The aim of periodontal regeneration is to restore tissues lost due to periodontal disease. Various treatment methods have been described in the literature, including biomodification of the root surface with enamel matrix derivative (EMD), guided tissue regeneration (GTR), and the use of growth factors using appropriate incisions and flaps [7,8,9,10]. However, modern reconstructive periodontology focuses on minimally invasive procedures to support natural healing processes [7,8,11].

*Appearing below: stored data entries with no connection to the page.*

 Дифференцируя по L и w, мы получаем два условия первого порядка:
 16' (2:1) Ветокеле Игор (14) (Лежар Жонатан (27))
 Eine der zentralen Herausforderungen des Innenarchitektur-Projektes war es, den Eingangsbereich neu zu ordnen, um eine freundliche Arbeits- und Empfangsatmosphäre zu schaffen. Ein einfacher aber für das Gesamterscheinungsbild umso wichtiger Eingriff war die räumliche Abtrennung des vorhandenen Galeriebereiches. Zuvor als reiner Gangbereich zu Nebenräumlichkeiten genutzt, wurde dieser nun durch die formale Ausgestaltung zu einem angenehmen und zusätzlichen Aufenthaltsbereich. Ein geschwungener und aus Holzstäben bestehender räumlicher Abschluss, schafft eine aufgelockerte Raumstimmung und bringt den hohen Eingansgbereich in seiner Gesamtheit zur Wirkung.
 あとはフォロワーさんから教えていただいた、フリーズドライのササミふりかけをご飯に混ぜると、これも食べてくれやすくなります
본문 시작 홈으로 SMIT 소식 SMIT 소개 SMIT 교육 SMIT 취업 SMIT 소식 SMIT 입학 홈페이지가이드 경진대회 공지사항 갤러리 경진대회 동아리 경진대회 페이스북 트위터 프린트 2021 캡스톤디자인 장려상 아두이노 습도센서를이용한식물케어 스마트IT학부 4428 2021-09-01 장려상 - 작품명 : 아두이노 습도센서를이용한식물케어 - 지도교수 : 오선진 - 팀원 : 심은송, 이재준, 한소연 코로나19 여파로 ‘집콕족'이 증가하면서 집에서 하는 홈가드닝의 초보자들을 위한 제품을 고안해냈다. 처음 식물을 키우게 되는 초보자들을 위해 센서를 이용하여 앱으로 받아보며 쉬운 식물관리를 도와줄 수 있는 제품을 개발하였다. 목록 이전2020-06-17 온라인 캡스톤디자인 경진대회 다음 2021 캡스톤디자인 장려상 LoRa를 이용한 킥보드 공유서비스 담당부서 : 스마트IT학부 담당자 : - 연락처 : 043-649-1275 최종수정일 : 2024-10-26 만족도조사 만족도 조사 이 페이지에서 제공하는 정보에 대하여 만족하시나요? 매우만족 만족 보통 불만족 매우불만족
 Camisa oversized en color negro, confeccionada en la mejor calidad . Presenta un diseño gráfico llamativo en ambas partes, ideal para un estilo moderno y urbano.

Conventional surgical approaches, consisting of flaps without papillae preservation, often led to the lack of primary wound closure. This resulted in clot instability and a healing model consisting of epithelial migration into the wound, which can be histologically characterized as repair [11]. The introduction of cuts and flap management, which preserve the interdental tissues, allowed for better protection and stabilization of the treated area [12]. Minimally invasive approaches proved greater amounts of clinical attachment level (CAL) gains and smaller recession [13]. A recognized factor that also influences the effect of reconstructive procedures is precise decontamination of the treatment area [14]. Hence, the search for new solutions/modifications is underway that would help ensure the above-mentioned conditions.

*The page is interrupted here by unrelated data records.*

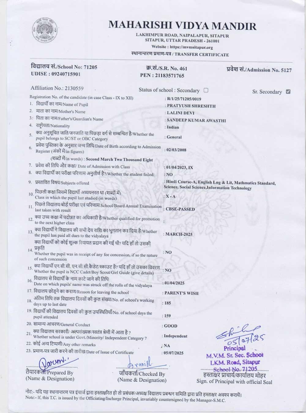 | 31 | 5127 | PRATYUSH SHRESHTH | XI | A | |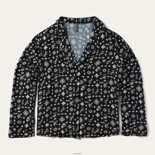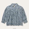 ez a pulóver blúz 100% műselyem twillből készült, és mindenütt délnyugati ditzy mintával rendelkezik. Nyitott bevágásos gallérja V-nyakkal, hosszú ujja enyhe csengővel és nagy redő a középső elején.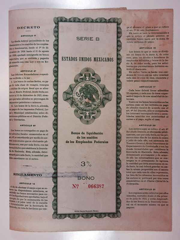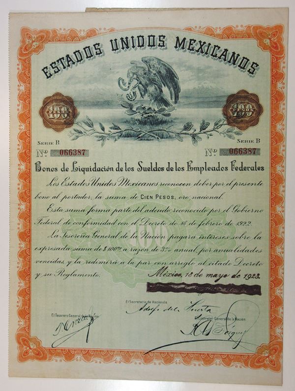 Mexico, 1923, 100 Pesos, Series B, I/U, 3%, Dark blue on light blue underprint and orange border, Mexican arms of eagle with snake on cactus in middle, S/N 066387, Coupons attached, VF condition. Attractive and scarce bank bond. Local printer.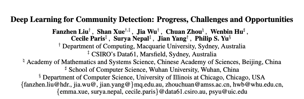 今年已过半,AI 科技评论携手各大高校、企业研究机构为大家带来了100多场顶会论文直播,包括 AAAI、ICLR、ICML、CVPR、ACL、KDD、ECCV 等一系列 AI 学术顶会。如今,我们又将迎来 IJCAI 2020 的首场论文直播!本场直播的主题是:“社区发现的深度学习方法:进展、挑战、机遇”。论文由数据挖掘领域大牛 Philip S. Yu 携手悉尼麦考瑞大学、澳大利亚联邦科学与工业研究组织Data61部门、中国科学院、武汉大学的研究者共同完成。论文地址:https://www.ijcai.org/Proceedings/2020/693社区发现(Community Detection),简单来说就是从网络 G 中发现社区集合 C。该网络指的是一种特殊的图,对现实世界中的系统(例如,互联网、学术合作网络以及社交群组)中的复杂关系进行了抽象。社区发现作为网络科学领域中一个经久不衰的重要问题,随着深度学习时代的到来,该领域的研究者也逐渐从传统的统计推断(例如,随机分块模型)和传统机器学习(例如,谱聚类)方法中解放了出来。深度学习因其处理高维图数据的强大能力,能极大地提升了社区发现的性能。近五年来,用于社区发现的深度学习方法,被广泛地研究。那么,深度学习时代的社区发现工作有哪些特点,研究者们遇到了哪些挑战,有哪些前景光明的研究方向呢?Philip S. Yu 团队在这篇论文中,不仅全方位地回顾了模型和算法研发方面相应的技术趋势,并详细阐述了基于深度学习领域的社区发现进展,还指出了将深度学习用于社区发现任务时存在的七个重大挑战——这在一定程度上将为下一代社区发现研究指明方向。对于社区发现领域的研究者而言,这篇顶会综述文章非常值得一读。8月12日晚19点,AI 科技评论特意邀请到了论文一作——悉尼麦考瑞大学的博士研究生刘凡桢带来首场 IJCAI 系列直播,对这篇文章进行深度解读!另外,跟数据挖掘领域大牛 Philip S. Yu合作又是一种什么体验呢?刘凡桢也能跟大家分享分享在跟 Philip S. Yu 合作的经历和故事哦~机会不容错过! 分享主题:社区发现的深度学习方法:进展、挑战、机遇分享嘉宾:刘凡桢,悉尼麦考瑞大学博士研究生。分享时间:2020年8月12日晚19:00(悉尼时间晚21:00)

There are not many papers available evaluating the effectiveness of Er:YAG (Er-bium-doped Yttrium Aluminum Garnet) and Nd:YAG (Neodymium-doped Yttrium Aluminum Garnet) utilization in periodontal surgical treatment. Available literature mostly refers to the use of Er:YAG+Nd:YAG in nonsurgical therapy [6]. Findings from a recently published systematic review suggest that the combination of Nd:YAG and Er:YAG lasers may lead to additional clinical improvements in a nonsurgical approach [15]. Lasers are a rather expensive tool, and unfortunately, they are not standard equipment in dental offices. Therefore, they are not the first-choice tool for periodontal treatment. This may explain the limited availability of scientific evidence.

Er:YAG laser emits in the mid-infrared range at a wavelength of 2940 nm. Its target is water or the hydroxide ion and a mineral. It can be used for bacterial reduction, soft-tissue debridement of periodontal diseased tissue, and calculus removal in a nonsurgical approach [16]. Its penetration depth is approximately 5 µm, because it is well absorbed in water [17]. For this reason, the erbium laser is also indicated for calculus removal. Many authors point out the necessity of being careful when dealing with the root surface, because cementum has similar hydration properties to dental calculus [16,17].

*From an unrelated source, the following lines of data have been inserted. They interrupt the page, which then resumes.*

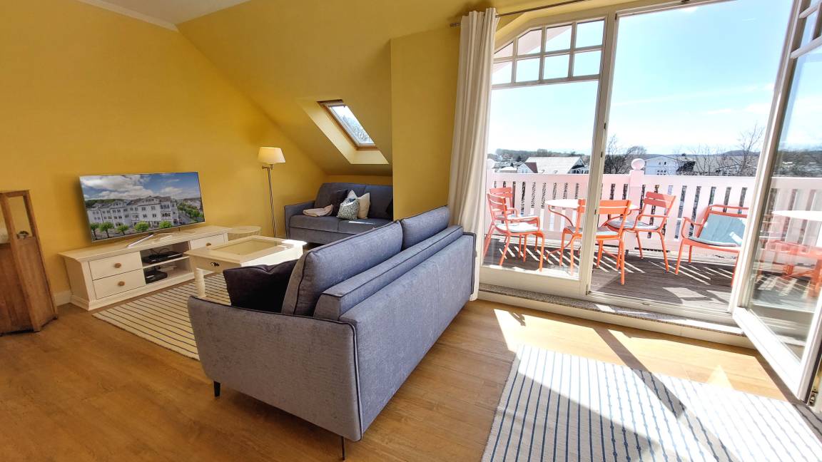 Von den zwei Balkonen nach Südosten und Südwesten haben Sie einen schönen Blick über die Dächer von Binz, die Ausläufer der Granitz und den Schmachter See.
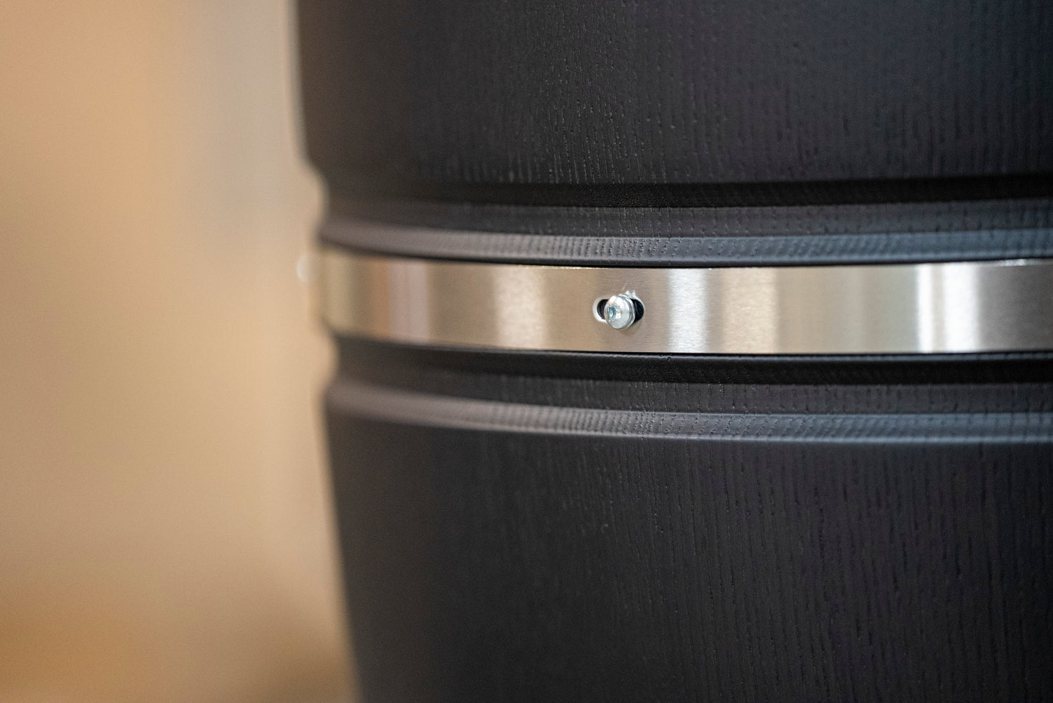 Once dry, the drum is then finished with a matte varnish that reflects minimal light, resulting in the most vivid black imaginable. A black so deep that you’d swear it goes through the entire stave.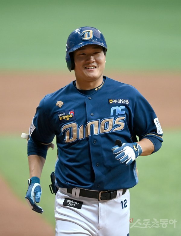 18일 서울 고척스카이돔에서 ‘2022 신한은행 MY CAR KBO리그’ NC 다이노스와 키움 히어로즈 경기가 열렸다. 3회초 1사 2루 NC 정진기가 역전 우월 투런 홈런을 날리고 그라운드를 돌아 홈인해 하이파이브 하고 있다.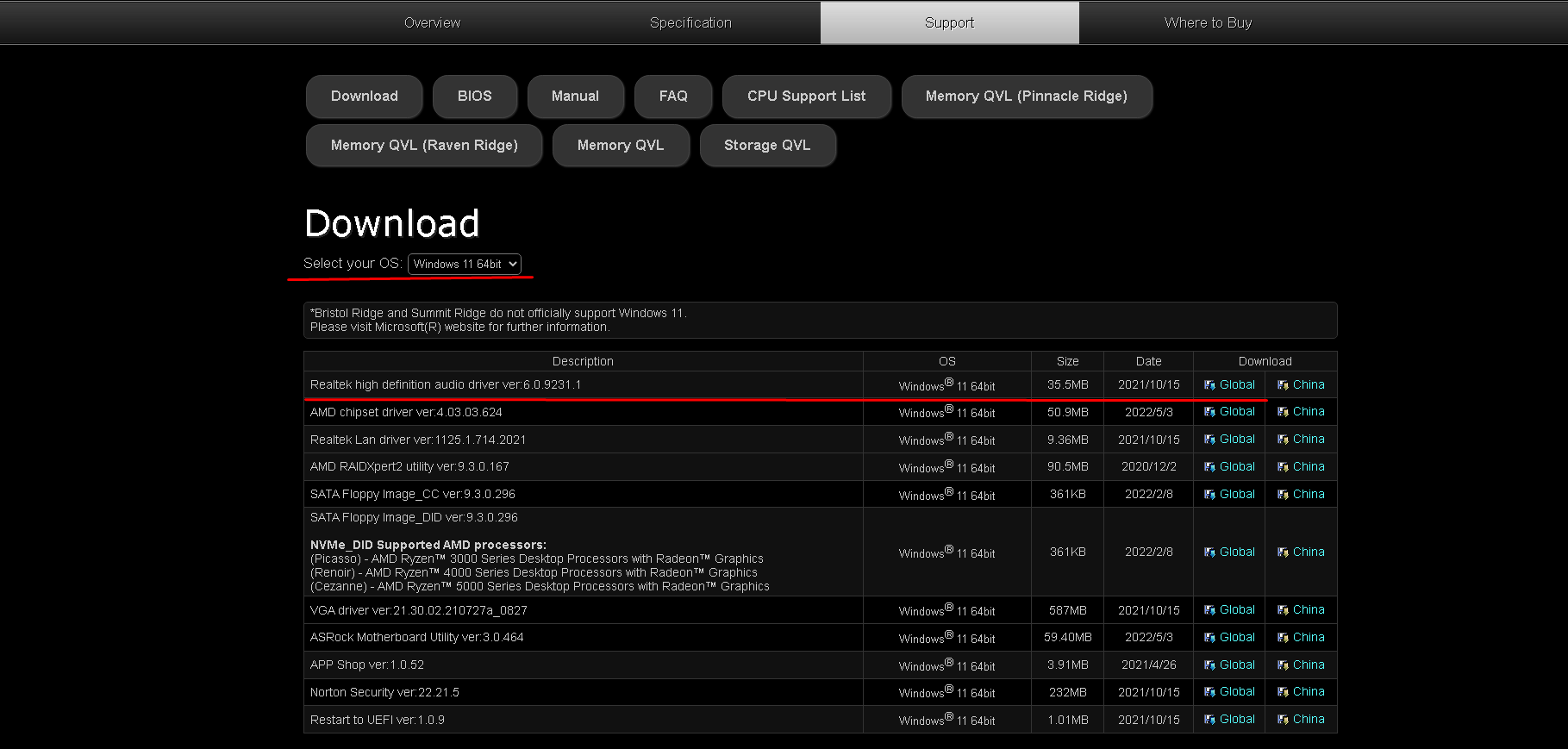 1.3- "temel kart üreticisi" ve "temel kart ürünü" adından, resmi anakart sitenizden driverınızı bulun.

The wavelength of Nd:YAG lasers is approximately 1064 nm and is selectively absorbed in areas of inflammation by tissue pigment and blood components [16]. This wavelength is transmitted through water, which explains its deep penetration into healthy soft tissue. When using the Nd:YAG laser, it is important to avoid prolonged contact with the root structure in order to avoid thermal damage [16].

By eliminating calculus and bacteria, Er:YAG and Nd:YAG lasers can create a bio-compatible root surface that may facilitate periodontal healing. Due to the different features, these two lasers have different effects on the hard and soft tissues [18].

It can be assumed that the Er:YAG laser may be an alternative to root biomodification because the irregular surface often produced by the Er:YAG laser may promote only a slight initial inflammatory response while efficiently removing the smear layer, and enhance adhesion and growth of cells as well as blood components [18,19].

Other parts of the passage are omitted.